The record sampled track B5 from a recording of drumming from Burundi. The recording was made in 1967 by anthropologists Michel Vuylsteke and Charles Duvelle, and was released on the album Musique du Burundi on the French Ocora label in 1968 (OCR 40), which was re-published as Burundi. Musiques traditionnelles in 2015, including additional recordings. The song is entitled "Ingoma", which simply means "Song" in Kirundi and most other Bantu languages.
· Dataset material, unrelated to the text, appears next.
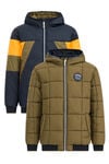Veste de qualité imperméable qui se porte des deux côtés. Un côté est à bloc de couleur et l'autre est de couleur unie. Modèle à manches longues, capuchon, fermeture éclair avec protège-menton et deux poches fendues.
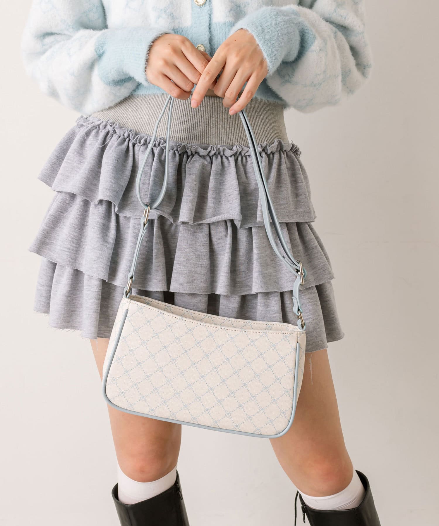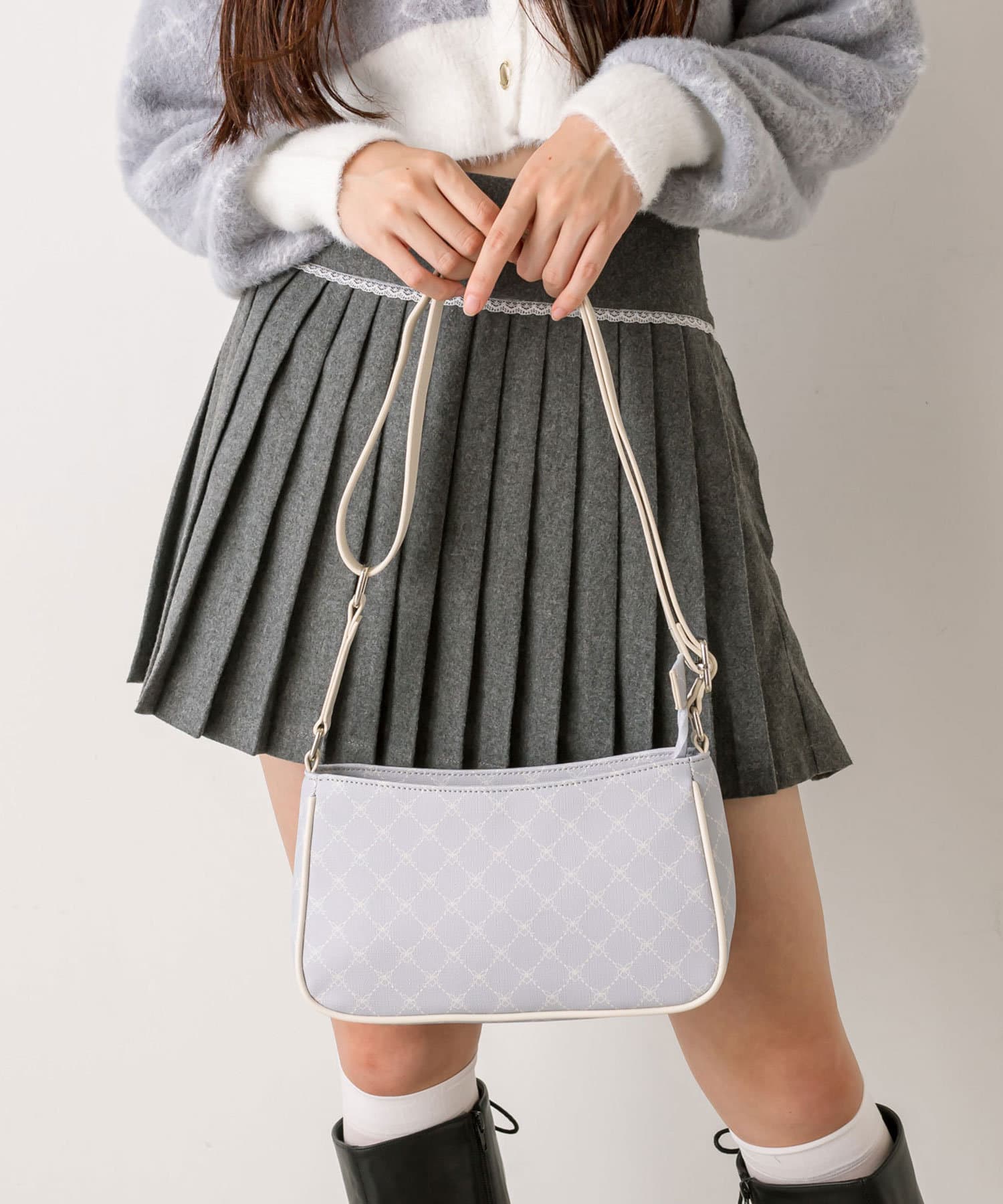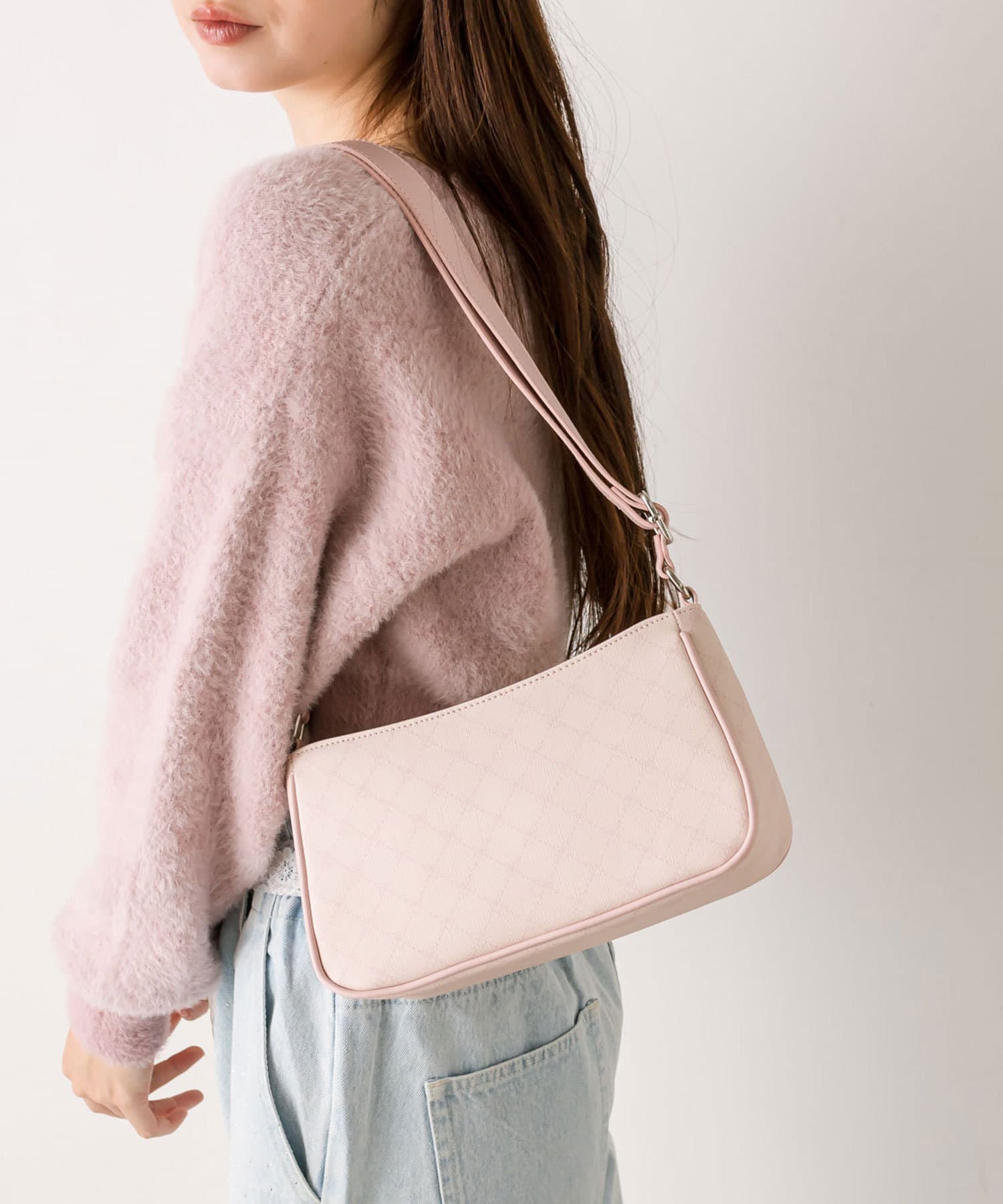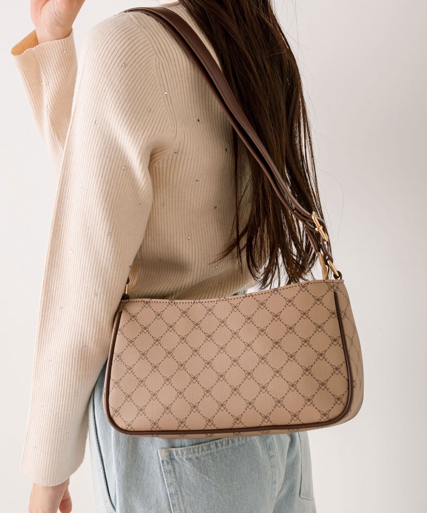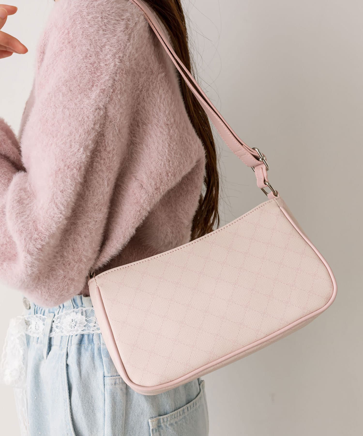 ・きれいめからカジュアルまで合わせやすく、韓国女子に人気のホーボーバッグ。

The musicians are just credited as "Ensemble de Tambours" - "Ensemble of Drummers". Steiphenson overdubbed his own piano and guitar rock arrangement onto the recording.

In 1981, a new arrangement of "Burundi Black" was recorded by drummer Rusty Egan and French record producer Jean-Philippe Iliesco, and released in the UK and US where it became a dancefloor hit, described by music critic Robert Palmer as "glitzy pop-schlock, a throwaway with a beat". Palmer noted that, although Steiphenson had retained copyright over "Burundi Black", the Burundian musicians made no money from any of the recordings.

The recording of Burundi drummers was also sampled by Joni Mitchell on her song "The Jungle Line" (1975), and the Beastie Boys' "59 Chrystie Street" (1989), and inspired the Def Leppard single "Rocket" (1987).